(Stored data entries)
↓↓↓
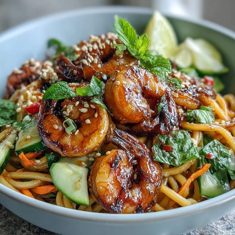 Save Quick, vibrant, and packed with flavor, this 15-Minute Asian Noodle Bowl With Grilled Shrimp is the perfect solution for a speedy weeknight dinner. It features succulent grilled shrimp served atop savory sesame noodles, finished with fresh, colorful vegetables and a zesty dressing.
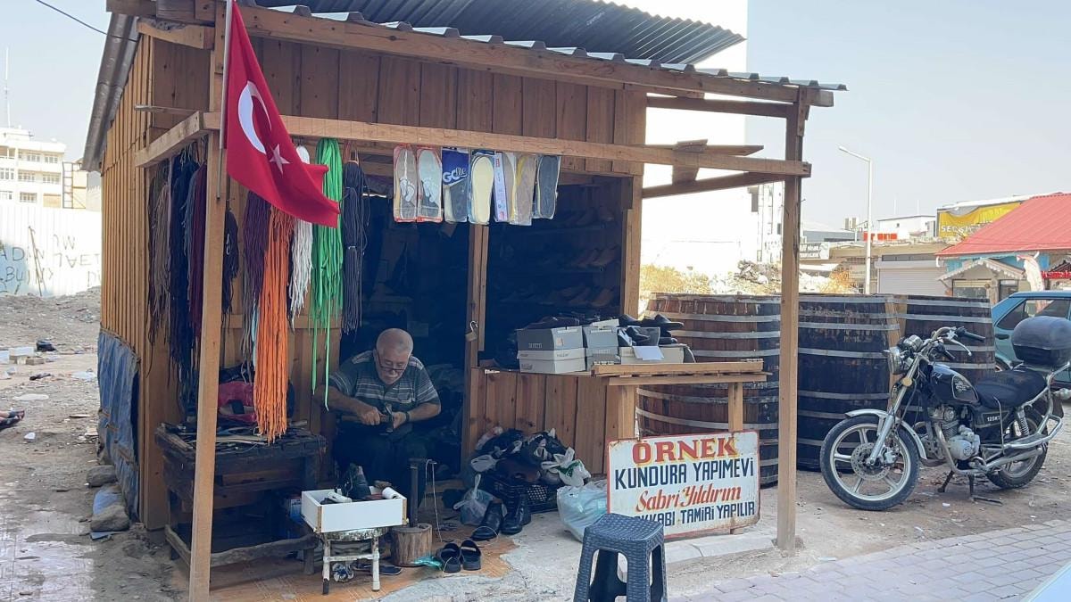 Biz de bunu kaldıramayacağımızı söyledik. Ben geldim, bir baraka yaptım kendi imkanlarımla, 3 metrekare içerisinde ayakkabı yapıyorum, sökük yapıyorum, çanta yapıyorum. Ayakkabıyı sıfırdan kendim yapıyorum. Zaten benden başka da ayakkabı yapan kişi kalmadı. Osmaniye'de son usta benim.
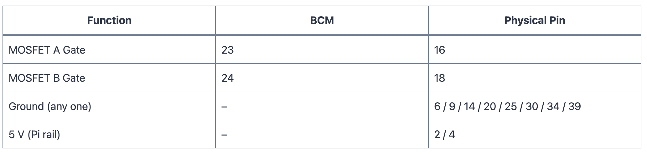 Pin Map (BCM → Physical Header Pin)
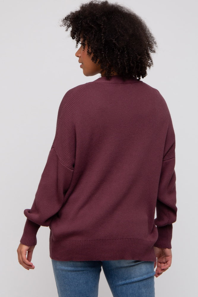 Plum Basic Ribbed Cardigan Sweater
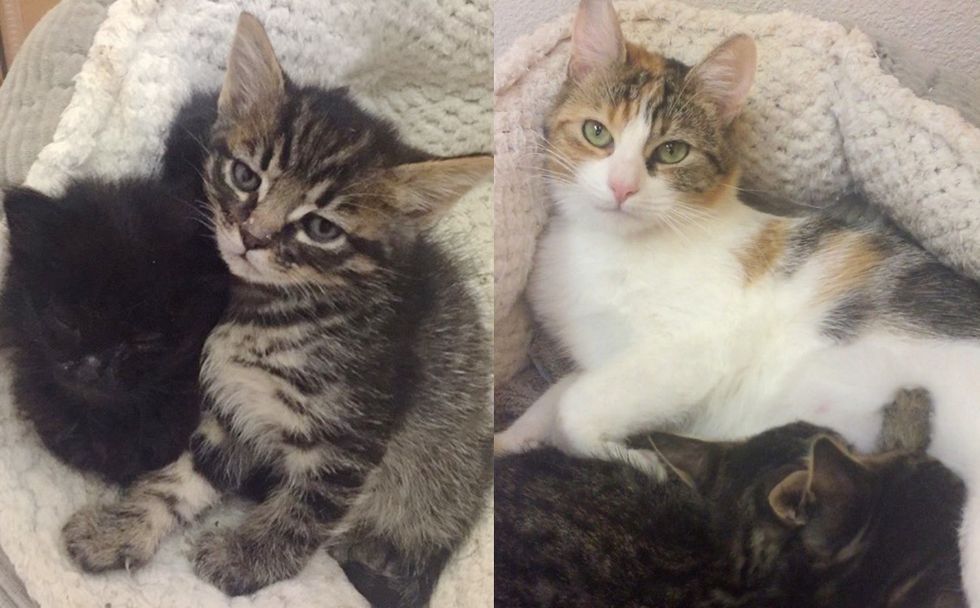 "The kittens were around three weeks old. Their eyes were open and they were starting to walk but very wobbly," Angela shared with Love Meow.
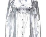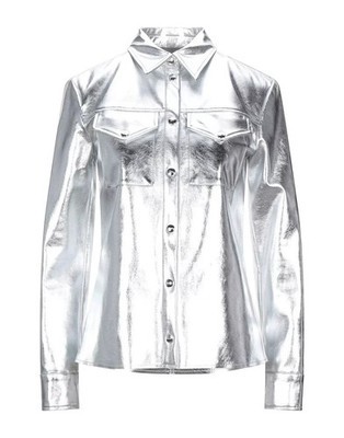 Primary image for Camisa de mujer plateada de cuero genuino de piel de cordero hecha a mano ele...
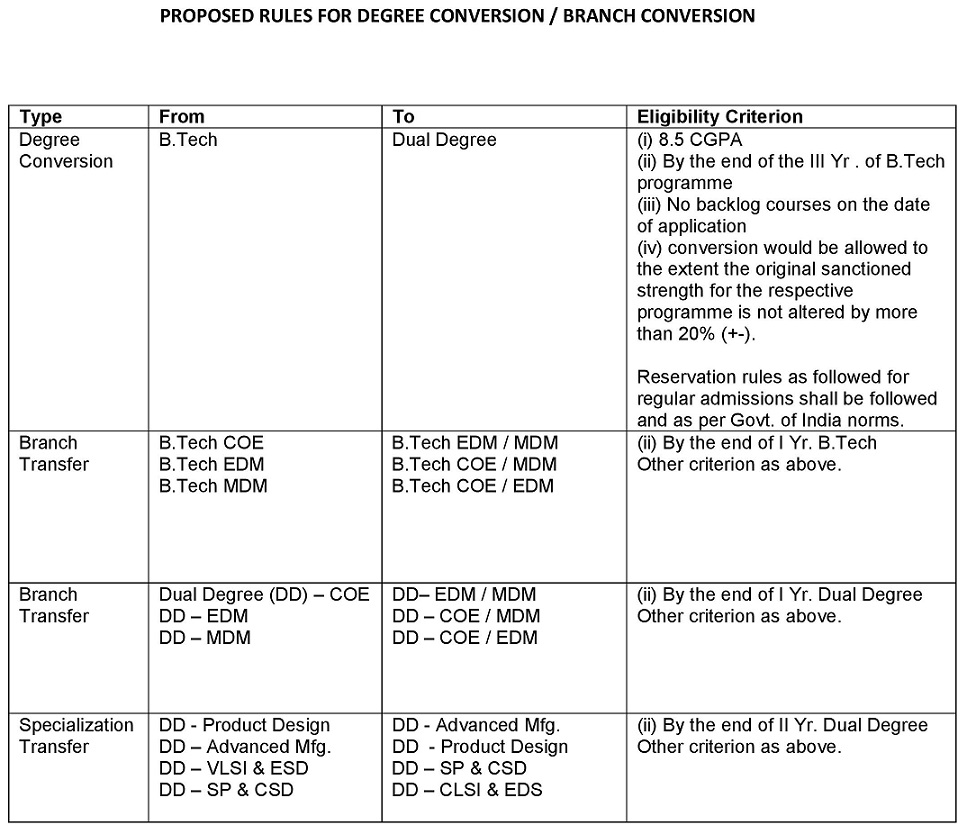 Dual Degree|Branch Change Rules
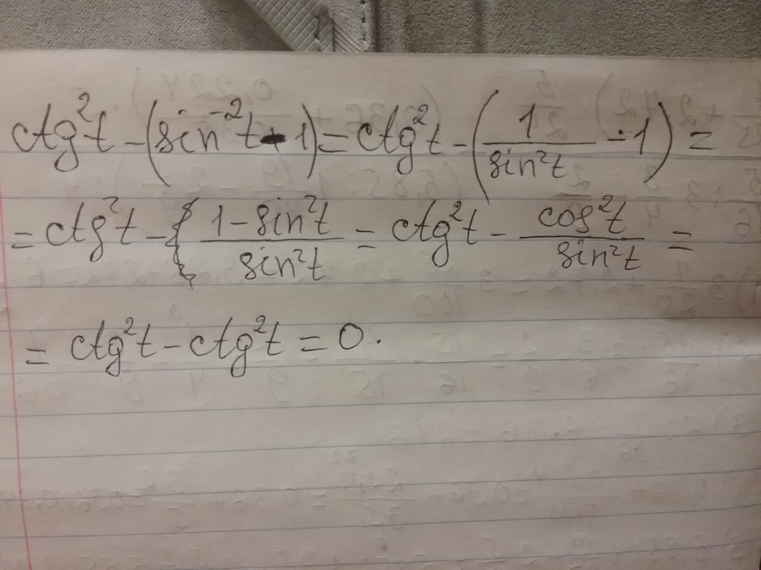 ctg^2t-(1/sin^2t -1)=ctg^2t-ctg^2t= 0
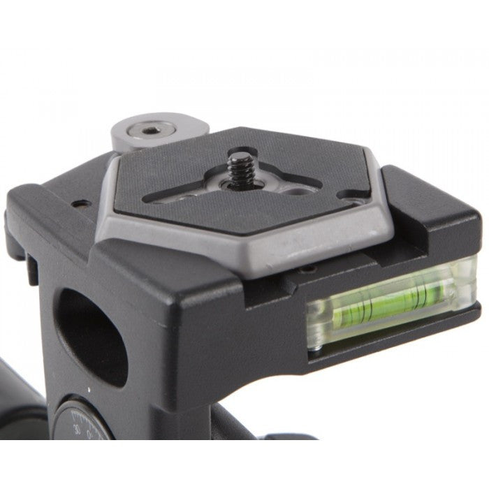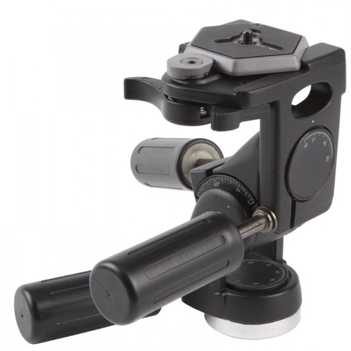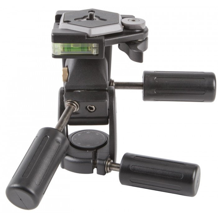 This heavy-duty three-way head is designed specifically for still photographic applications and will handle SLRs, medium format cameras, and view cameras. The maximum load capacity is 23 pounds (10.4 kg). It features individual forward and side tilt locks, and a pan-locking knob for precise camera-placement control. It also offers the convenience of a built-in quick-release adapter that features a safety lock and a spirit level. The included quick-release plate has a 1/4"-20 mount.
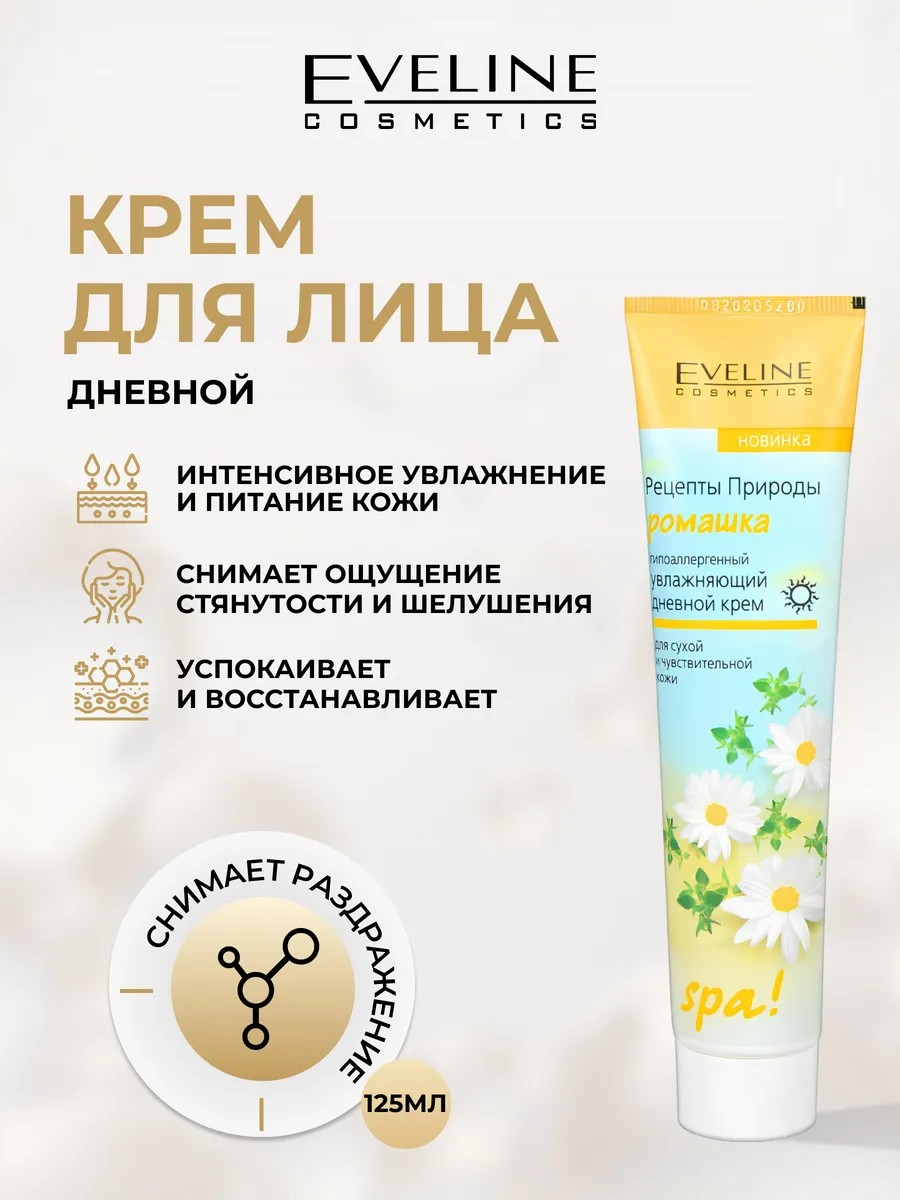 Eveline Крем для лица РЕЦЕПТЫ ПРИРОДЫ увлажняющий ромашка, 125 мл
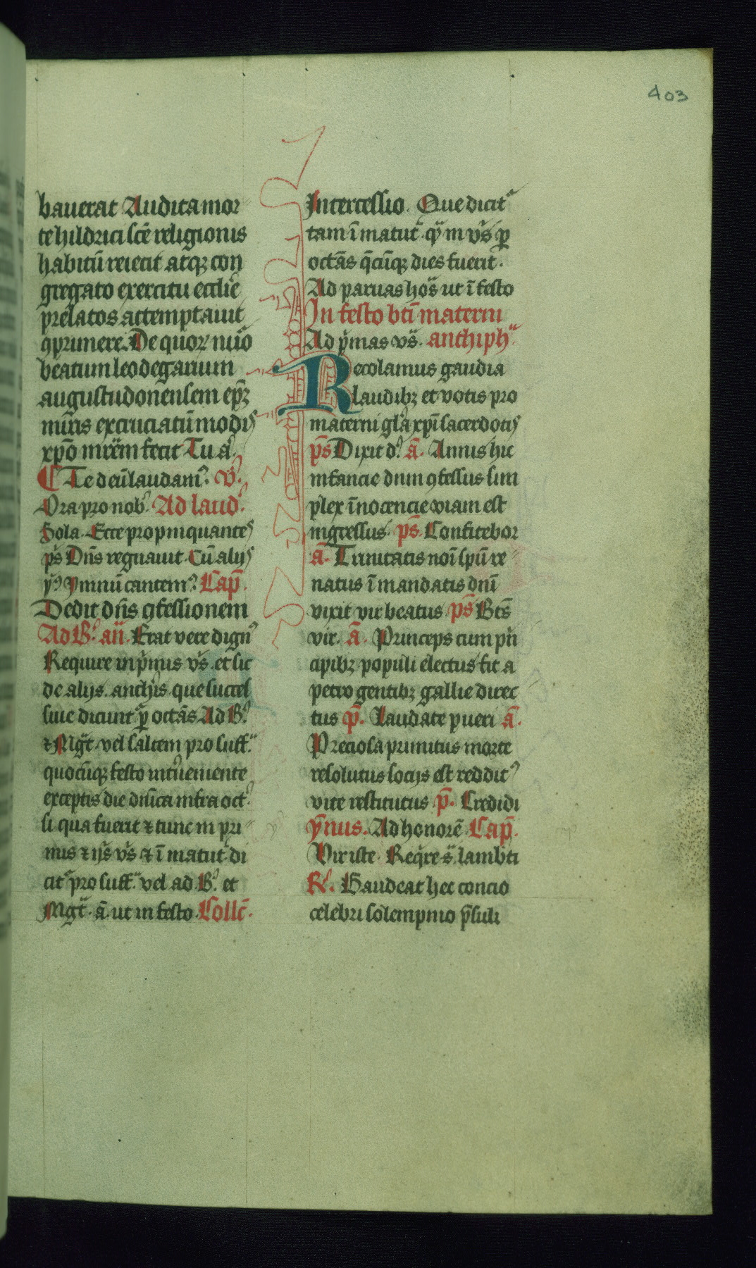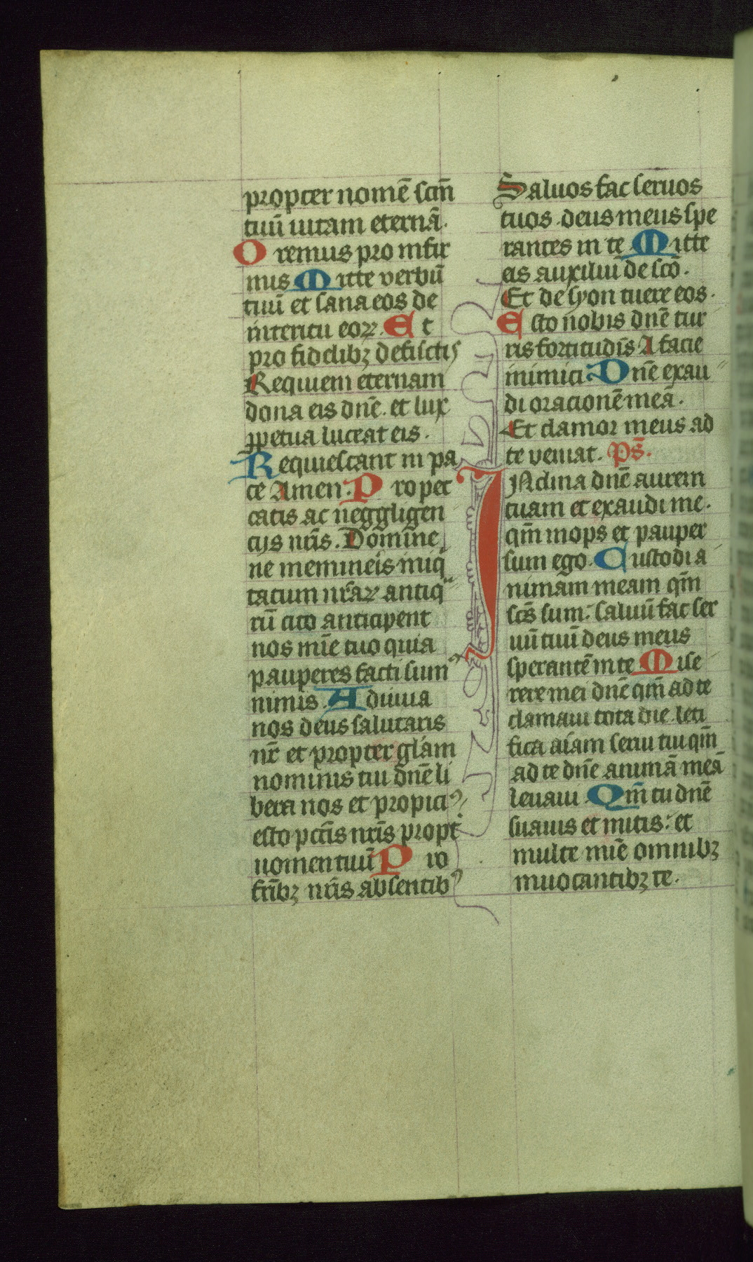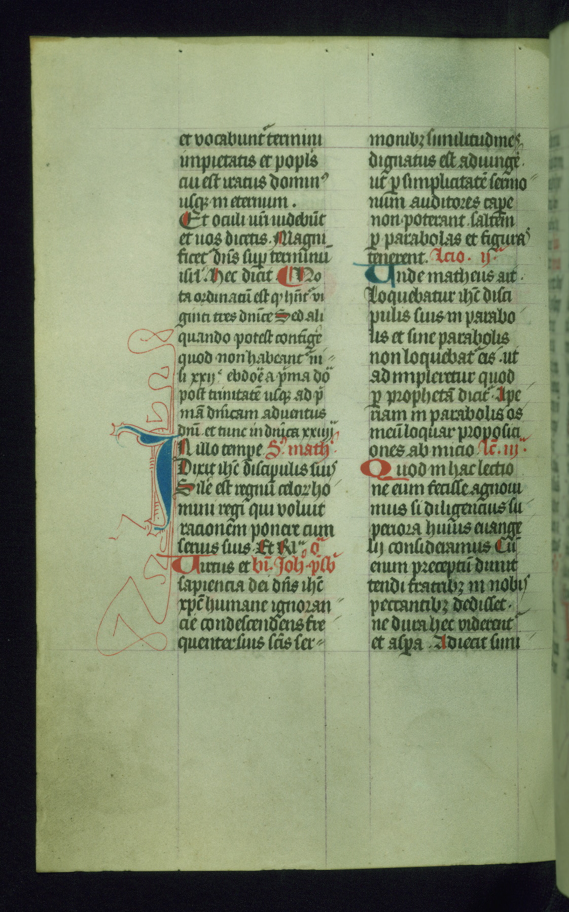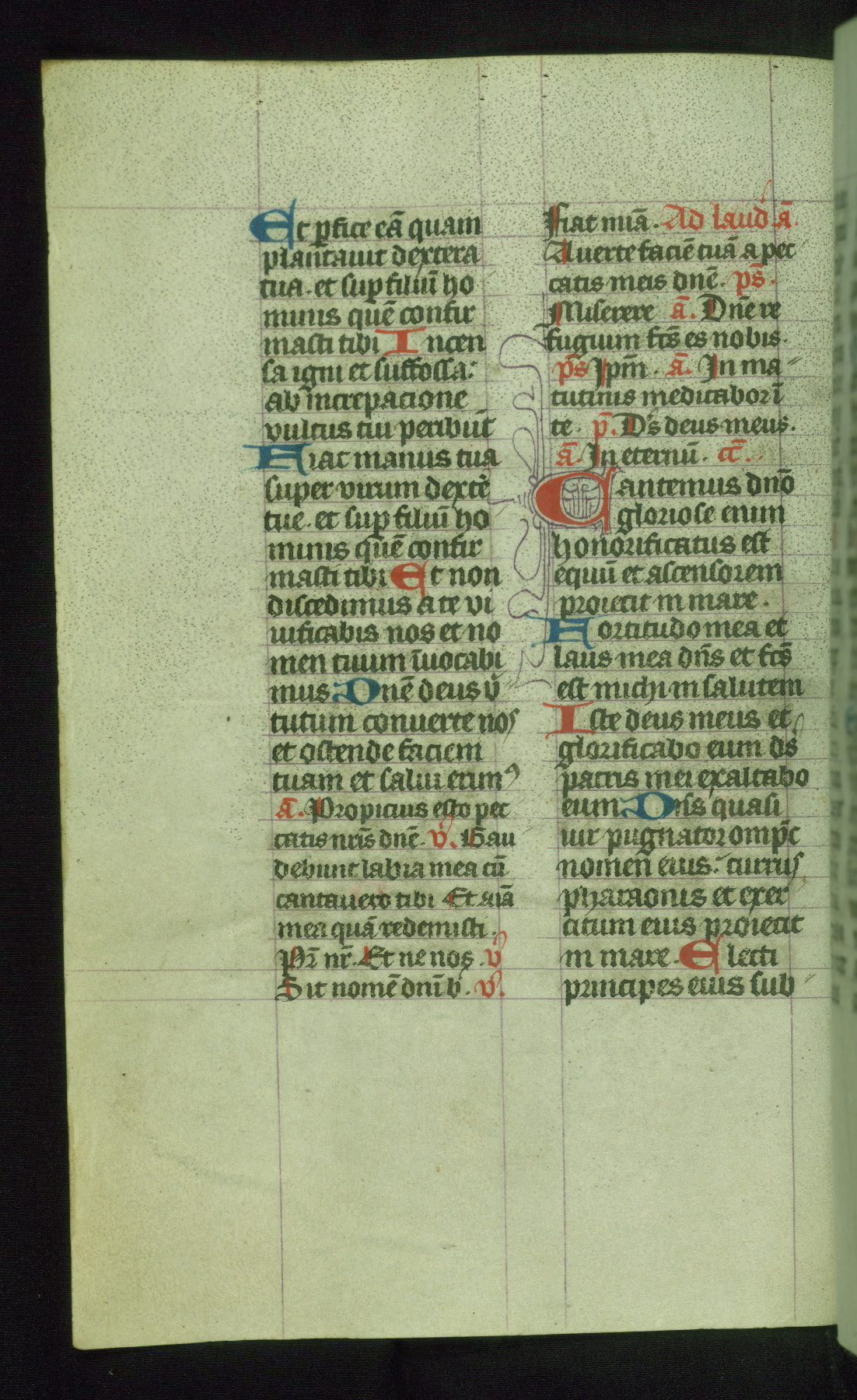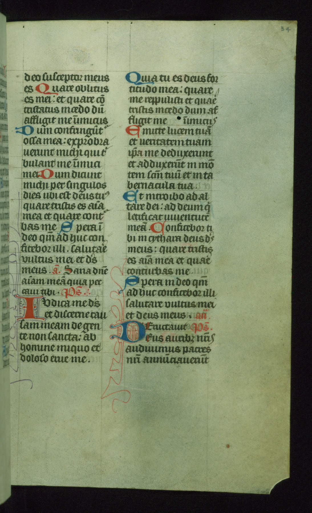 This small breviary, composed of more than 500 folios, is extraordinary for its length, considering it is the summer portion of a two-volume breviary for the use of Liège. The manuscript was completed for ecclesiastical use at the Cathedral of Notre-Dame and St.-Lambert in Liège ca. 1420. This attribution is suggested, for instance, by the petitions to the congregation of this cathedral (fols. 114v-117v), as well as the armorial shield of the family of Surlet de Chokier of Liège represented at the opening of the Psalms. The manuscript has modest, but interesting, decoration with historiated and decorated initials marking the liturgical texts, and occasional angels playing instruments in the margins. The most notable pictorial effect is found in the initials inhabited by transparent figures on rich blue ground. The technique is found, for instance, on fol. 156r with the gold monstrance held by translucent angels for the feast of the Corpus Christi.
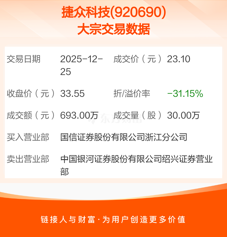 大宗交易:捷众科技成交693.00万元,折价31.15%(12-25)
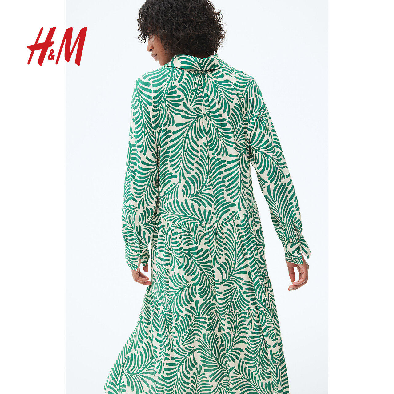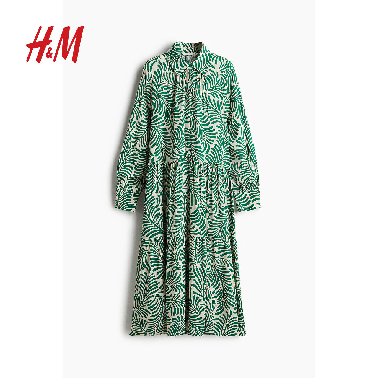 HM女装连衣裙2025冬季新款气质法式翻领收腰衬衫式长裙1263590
↑↑↑
▸ Assignment
I would like the exact lines from the data above, starting with the one that holds "Dual Degree|Branch Change Rules" and going on through the one that holds "大宗交易:捷众科技成交693.00万元,折价31.15%(12-25)", without the pictures.

▸ Answer below
 Dual Degree|Branch Change Rules
 ctg^2t-(1/sin^2t -1)=ctg^2t-ctg^2t= 0
 This heavy-duty three-way head is designed specifically for still photographic applications and will handle SLRs, medium format cameras, and view cameras. The maximum load capacity is 23 pounds (10.4 kg). It features individual forward and side tilt locks, and a pan-locking knob for precise camera-placement control. It also offers the convenience of a built-in quick-release adapter that features a safety lock and a spirit level. The included quick-release plate has a 1/4"-20 mount.
 Eveline Крем для лица РЕЦЕПТЫ ПРИРОДЫ увлажняющий ромашка, 125 мл
 This small breviary, composed of more than 500 folios, is extraordinary for its length, considering it is the summer portion of a two-volume breviary for the use of Liège. The manuscript was completed for ecclesiastical use at the Cathedral of Notre-Dame and St.-Lambert in Liège ca. 1420. This attribution is suggested, for instance, by the petitions to the congregation of this cathedral (fols. 114v-117v), as well as the armorial shield of the family of Surlet de Chokier of Liège represented at the opening of the Psalms. The manuscript has modest, but interesting, decoration with historiated and decorated initials marking the liturgical texts, and occasional angels playing instruments in the margins. The most notable pictorial effect is found in the initials inhabited by transparent figures on rich blue ground. The technique is found, for instance, on fol. 156r with the gold monstrance held by translucent angels for the feast of the Corpus Christi.
 大宗交易:捷众科技成交693.00万元,折价31.15%(12-25)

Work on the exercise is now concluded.